Kalamazoo River Reopens, 23 Months after Spill, But Submerged Oil Remains

Kalamazoo River Reopens, 23 Months after Spill, But Submerged Oil Remains

The river is not yet free of the heavy oil that was spilled—Canadian diluted bitumen, or dilbit. Removing what remains submerged could take years.

By Elizabeth McGowan, InsideClimate News

About 34 miles of the Kalamazoo River in Southeastern Michigan were opened to the public Thursday, almost two years after the most expensive oil pipeline spill in U.S. history dumped more than 1 million gallons of heavy Canadian crude into an adjoining creek.

Crews have been cleaning the waterway since July 26, 2010, when a ruptured pipeline owned by Enbridge Energy Partners, the U.S. branch of Canada’s largest transporter of crude oil, was discovered in wetlands in Marshall, Mich. The Canadian crude oil, known as diluted bitumen, contaminated more than two miles of Talmadge Creek and about 36 miles of the Kalamazoo, forcing people to flee their homes because of the overpowering smells.

The cost of the cleanup has now reached at least $765 million, making it the most expensive oil pipeline spill since the government began keeping records in 1968. Enbridge is responsible for all of the cost, with most of the cost being paid by its insurance company.

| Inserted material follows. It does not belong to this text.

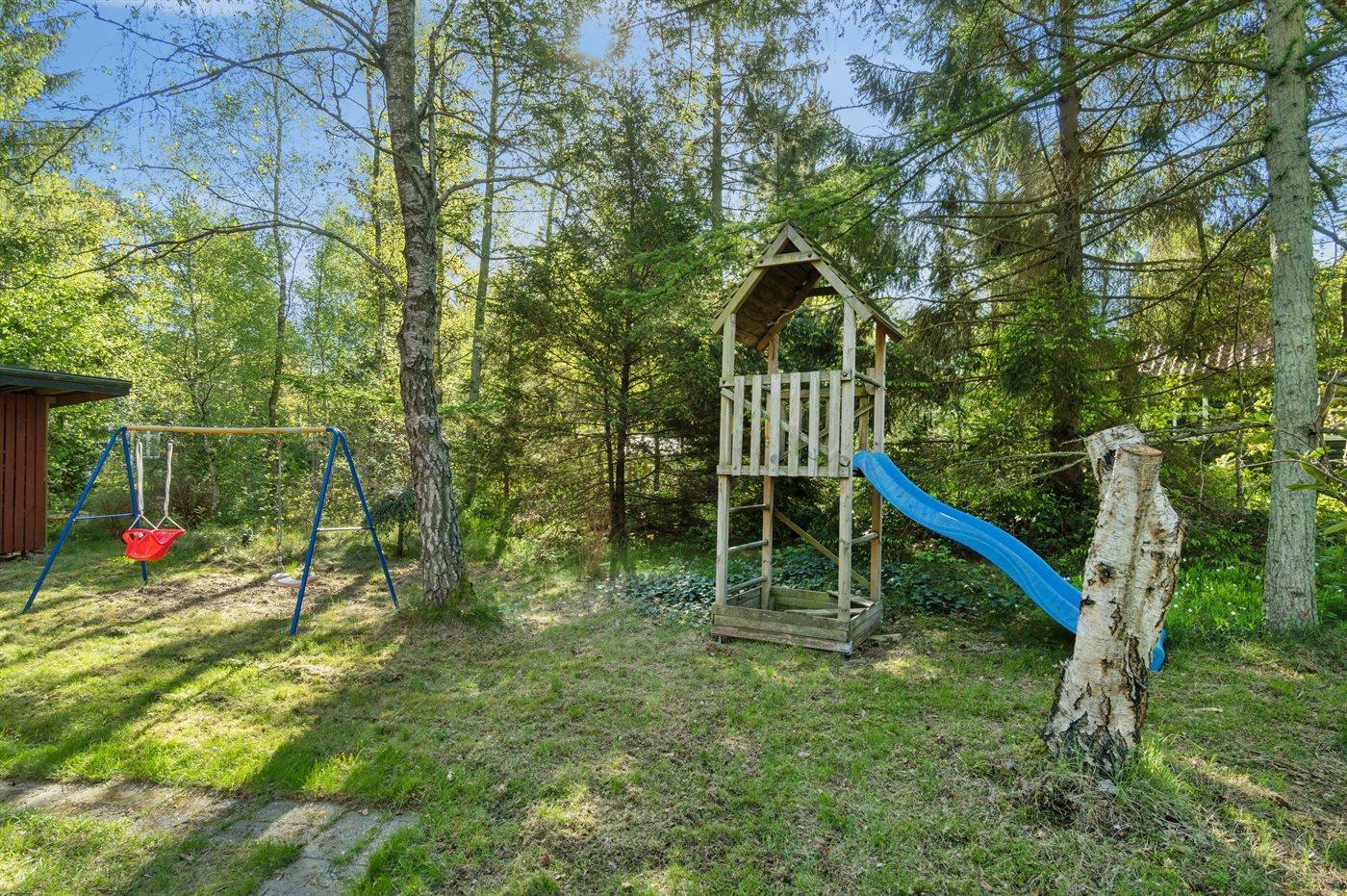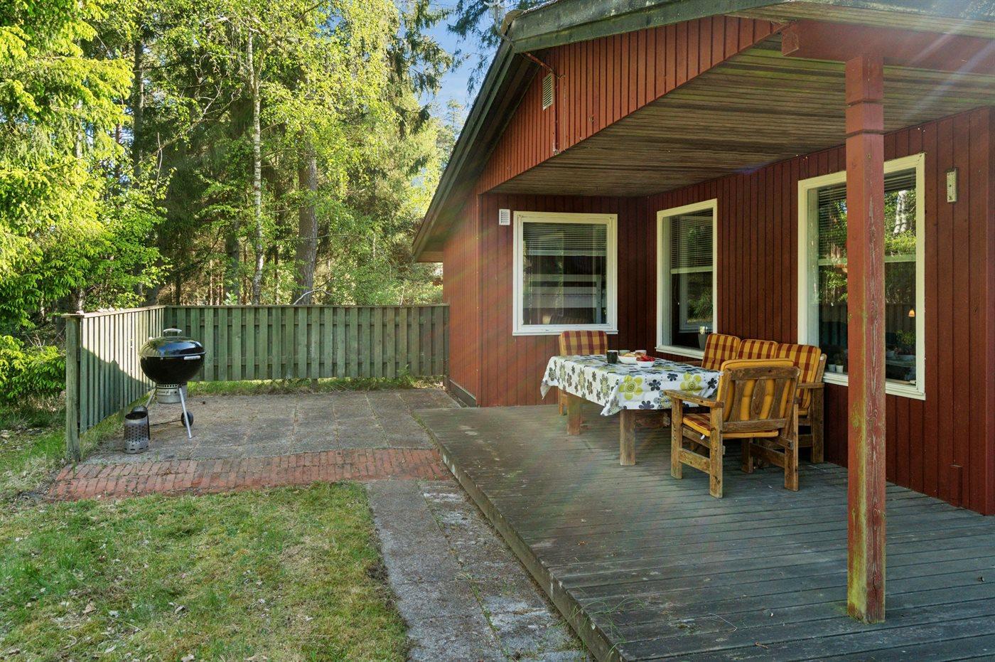 Ferieboligen er beliggende på en 1200 m² stor naturgrund. Der er 5000 m til havet. Nærmeste forretning er beliggende i en afstand af 3000 m. Der er en golfbane i en afstand af 10000 m. Til ferieboligen hører åbent terrasseareal. Desuden er der overdækket terrasse. Gynge. Sandkasse. Legetårn. Bålsted. Grill til rådighed. Der er installeret stik til opladning af elbil. Type 2 stik. Med 11 kW ladeeffekt. Parkering ved ferieboligen.

With Thursday’s opening, all but a short stretch of the river known as the Morrow Lake delta is now available for recreation, according to the U.S. Environmental Protection Agency. That delta area, at the western edge of the contaminated section and near the city of Kalamazoo, remains closed to the public.

Although people can once again swim and boat on the Kalamazoo, that doesn’t mean the river is oil-free. Cleanup of the remaining oil will continue in the Morrow Lake delta and other low spots along the river bottom. EPA officials in Marshall have told InsideClimate News that removing the rest of the oil could take months or years.